* [TASK PROMPT]: Transcribe every line of the material below without change, apart from dropping the pictures.

* [SOURCE MATERIAL]:

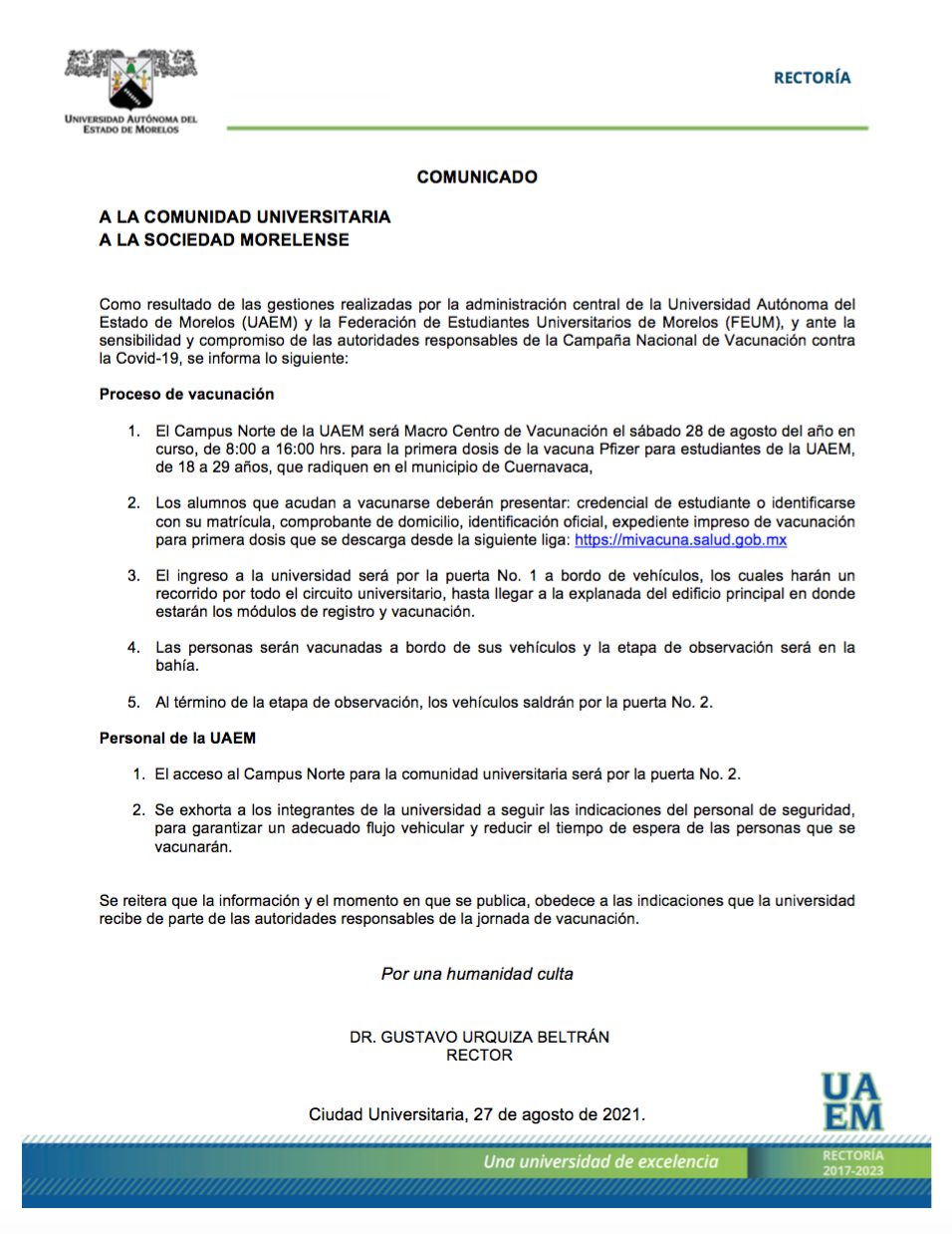 Mediante un comunicado oficial, autoridades de la Universidad Autónoma del Estado de Morelos UAEM y de la Federación de Estudiantes Universitarios FEUM informaron que la comunidad estudiantil de esta máxima casa de estudios será vacunada este sábado 28 de agosto en el macro módulo vehicular del campus Chamilpa, al norte de Cuernavaca.
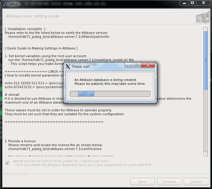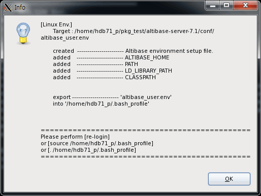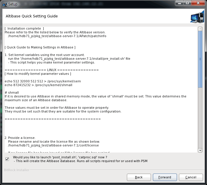 Run the '/home/hdb71_p/pkg_test/altibase-server-7.3/install/post_install.sh' file
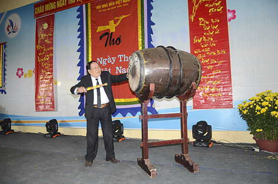 NSƯT Hoàng Sỹ Cừ đánh trống khai mạc Ngày thơ Việt Nam tại Quảng Trị
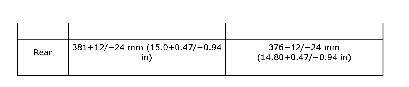 Toe-in: 1.8 ± 3 mm (0.08 ± 0.12 inch) (tolerance)
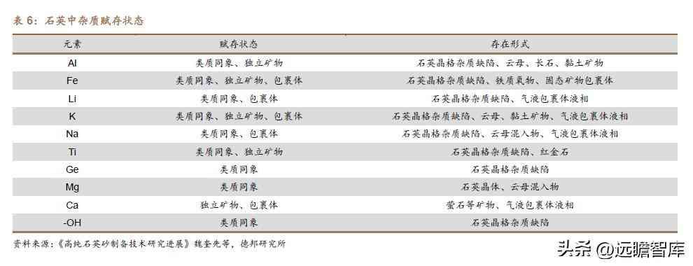 目前花岗岩石英和脉石英为生产高纯石英砂主要原料,其中花岗岩石英矿床规模大,石英纯度高,但石英含量较低,花岗伟晶岩的矿物成为主要为微斜条纹长石、钠长石、石英、白云母、以及少量的石榴子石;而脉石英矿床则分布广泛,但规模相对较小。

* [WRITTEN RESPONSE]:
 Mediante un comunicado oficial, autoridades de la Universidad Autónoma del Estado de Morelos UAEM y de la Federación de Estudiantes Universitarios FEUM informaron que la comunidad estudiantil de esta máxima casa de estudios será vacunada este sábado 28 de agosto en el macro módulo vehicular del campus Chamilpa, al norte de Cuernavaca.
 Run the '/home/hdb71_p/pkg_test/altibase-server-7.3/install/post_install.sh' file
 NSƯT Hoàng Sỹ Cừ đánh trống khai mạc Ngày thơ Việt Nam tại Quảng Trị
 Toe-in: 1.8 ± 3 mm (0.08 ± 0.12 inch) (tolerance)
 目前花岗岩石英和脉石英为生产高纯石英砂主要原料,其中花岗岩石英矿床规模大,石英纯度高,但石英含量较低,花岗伟晶岩的矿物成为主要为微斜条纹长石、钠长石、石英、白云母、以及少量的石榴子石;而脉石英矿床则分布广泛,但规模相对较小。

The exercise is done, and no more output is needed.